At the same time, I think it’s an interesting choice to have Charlie be so rigid in his view of Quill, which is a complete 180 from how he treats everyone else in his life. I don’t know about you, but Katherine Kelly has had me completely empathizing with her character for the last two episodes, and this one really drove home how helpless her character must be feeling at everything she’s going through. In a way, it parallels April’s story as suddenly Quill might be getting rid of the Arn, giving her full agency back.
And this brings us to the Governors and our latest alien threat. To paraphrase Ram, it’s not just alien shadows and tattoos we now have to fear (along with Doctor Who’s blinking, forgetfulness, etc.) but also carnivorous, squirrel-eating petals? But more importantly, do you trust the Governors? Could they be on the side of good — albeit displaying that in a very shady manner — á la Torchwood and UNIT, or are they up to no good?
KELLY: In this franchise, the Big Secretive Organization That Claims to Fight on the Side of Angels is never, ever to be trusted, so I’m guessing the Governors are more pre-Doomsday Torchwood than post-Doomsday Torchwood. (I’ll stop applying Doctor Who standards to Class when they stop filming outside the church from “Father’s Day.”)

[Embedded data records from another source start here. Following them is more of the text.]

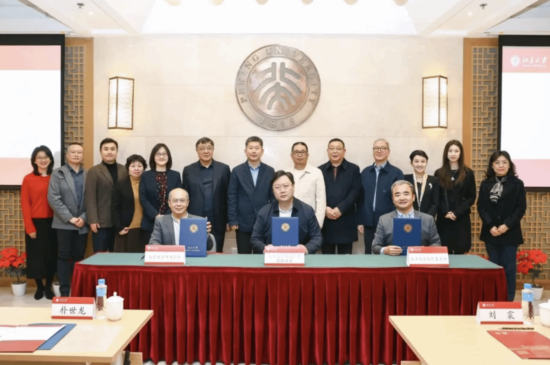 刘震、李宇宁、何晋共同签署捐赠协议。朴世龙代表北京大学向刘震颁发北京大学教育贡献奖。
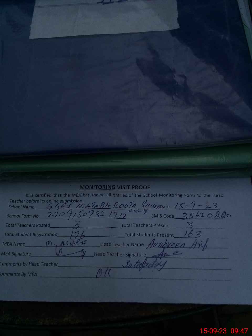 | EMIS Code: 35620880 | Name of School: GGES MATABA BOOTA SINGH | |||
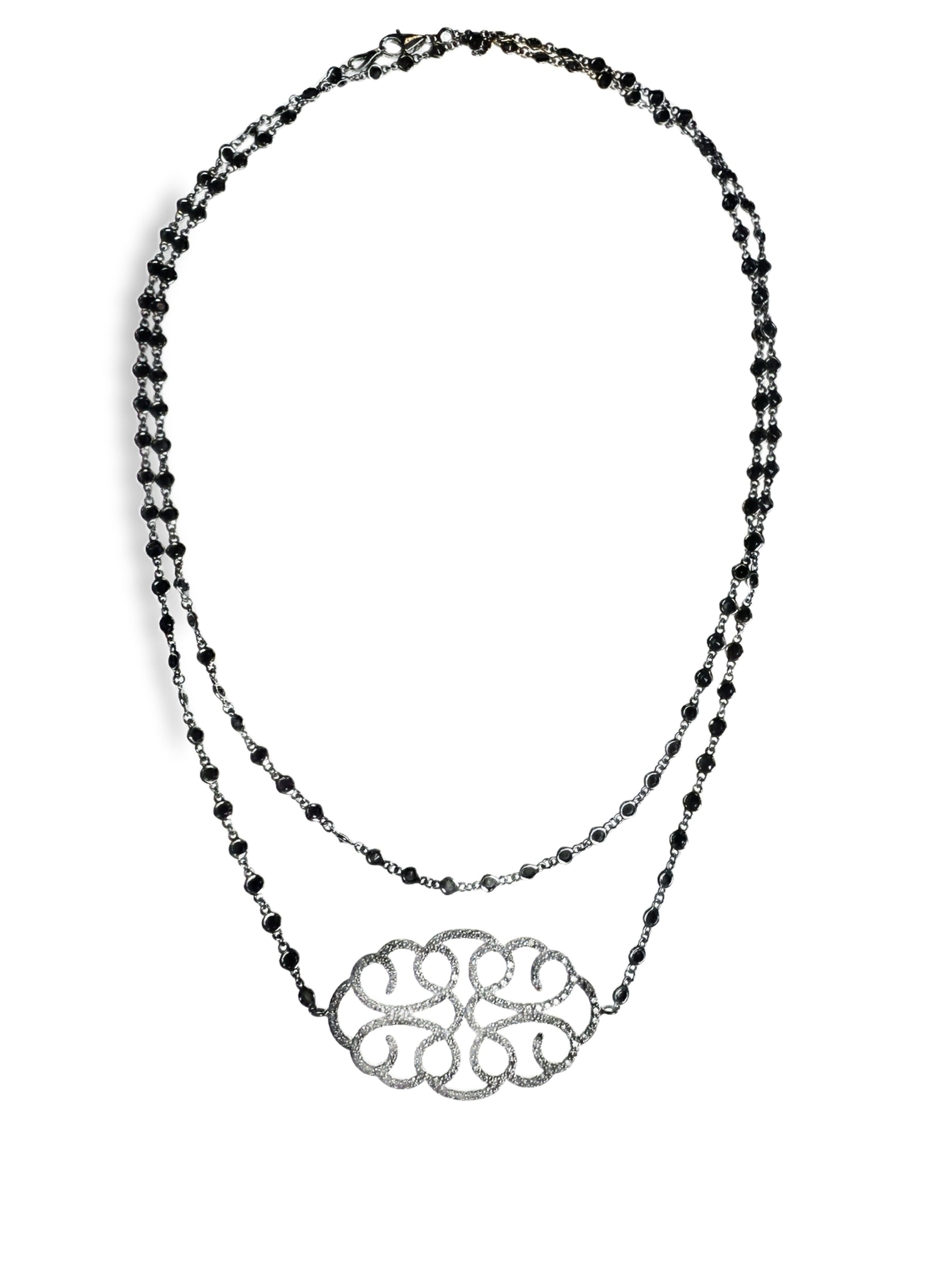 1.93CT Diamond 5.11CT Black Diamond Necklace 14k White Gold
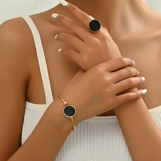 Ensemble bracelet manchette ouvert et bague réglable plaqué or 14 carats, style simple et élégant
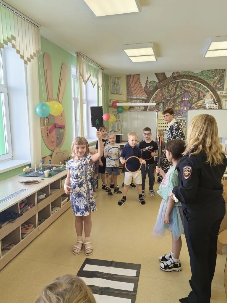 Ключевым этапом стал практический тренинг. На специально оборудованной локации инспектор наглядно продемонстрировал дошкольникам алгоритм перехода дороги. Дети вместе с наставником отработали правило «остановись — посмотри — убедись в безопасности», закрепив навыки в условиях, максимально приближенных к реальным.
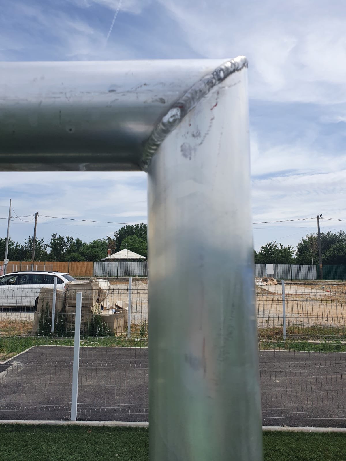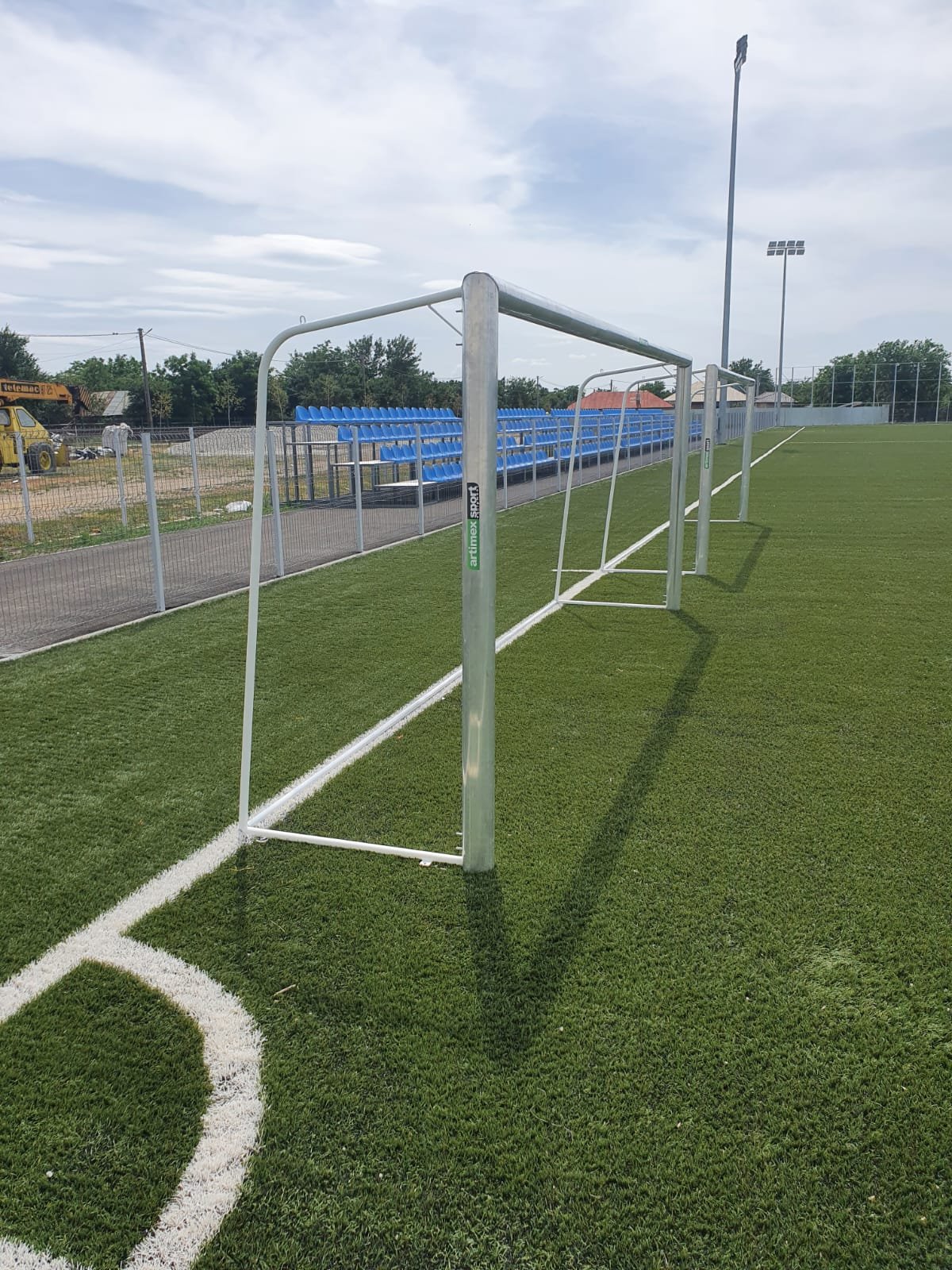 Porti fotbal mobile produse de Artimex Sport, din duraluminiu, profil oval 120 x 100 mm.

NIVEA: OMG. It totally is shot outside of the church from “Father’s Day,” which kind of does make it apropos for this episode, even if Rose’s own resolution with her father was a lot more fruitful. I know things are really ramping up now that we’re at the midpoint of the season — literally, everyone‘s storylines could have gotten an hour to itself — but as we head into a bunch of big showdowns next week (April and Ram vs. Corikinus, Quill vs. Charlie, etc.) I find myself agreeing with Chancellor’s review. This show definitely needs more episodes. Or better yet, a second season.
“People go missing from Coal Hill have a distressing tendency to stay that way, don’t you find?”
“I’d like to know my progress. How I can improve. Don’t we want to be better students to help our parents?”
“Duty is another word of bad government.”
“Is he… all human? You know like, down there?”